Identifying potential hazardous trees before next storm
High winds and heavy rains from Tuesday night toppled and broke trees throughout Mid-Missouri, causing damage to homes, neighborhoods and power lines.
And arborists said these loose or hanging branches could pose a threat and need to be cleaned up before the next storm.
ABC 17 News talked to crews about how to identify potentially dangerous trees that could be susceptible to falling or breaking in another storm.
Joey Busker has been an arborist with Hentges Tree Services for 15 years and offered some ideas.
"Any cracking, any signs of decay at the bottom of the tree, or any insects would give signs that the tree could be weak," Busker said.

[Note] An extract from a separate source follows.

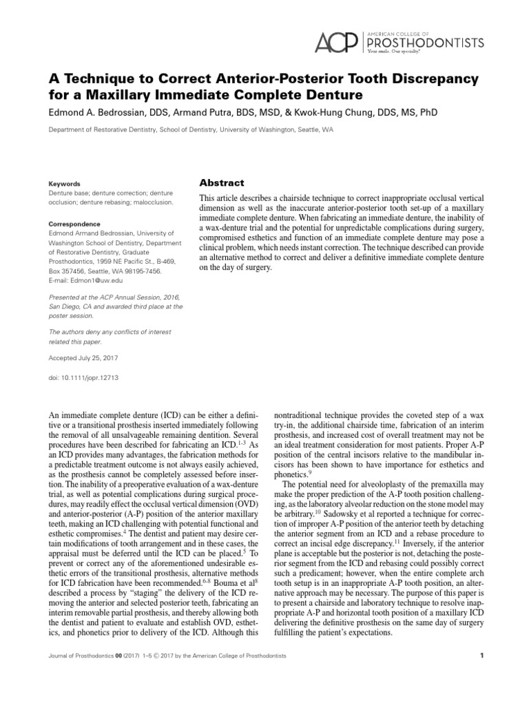 - A Technique To Correct Anterior Posterior Tooth Discrepancy For A Maxillary Immediate Complete Denture Dentures Prosthodontics , The American Dental Association Explains On Their Website Dds (Doctor Of Dental Surgery) And Dmd.
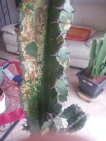 Il ne s'agit pas de Cactus mais d'euphorbes. Ces marques peuvent être dues à un changement d'exposition trop violent (plantes mises au plein soleil du jour au lendemain) ou à un problème d'arrosage. à la rigueur.

And sometimes, the signs pop up as the tree grows.
"Any tree that doesn't come up in one stem but in double stems typically fails," he said. "When wind or ice hit a tree like that, one side or the other will fall off."
He also said to check for fungus, toadstools, or hollows in the tree - which are all good indications something is going wrong inside the tree.
But some trees are just more susceptible to break or fall just by nature.
"Typically after a wind we'll get several calls about Bradford Pears. Your Softwood trees, Maples, and Sweet Gums are softer, meaning more likely to fail," Busker said.
Busker recommends getting any questionable trees inspected before this weekend, when the next round of storms could be heading to this area.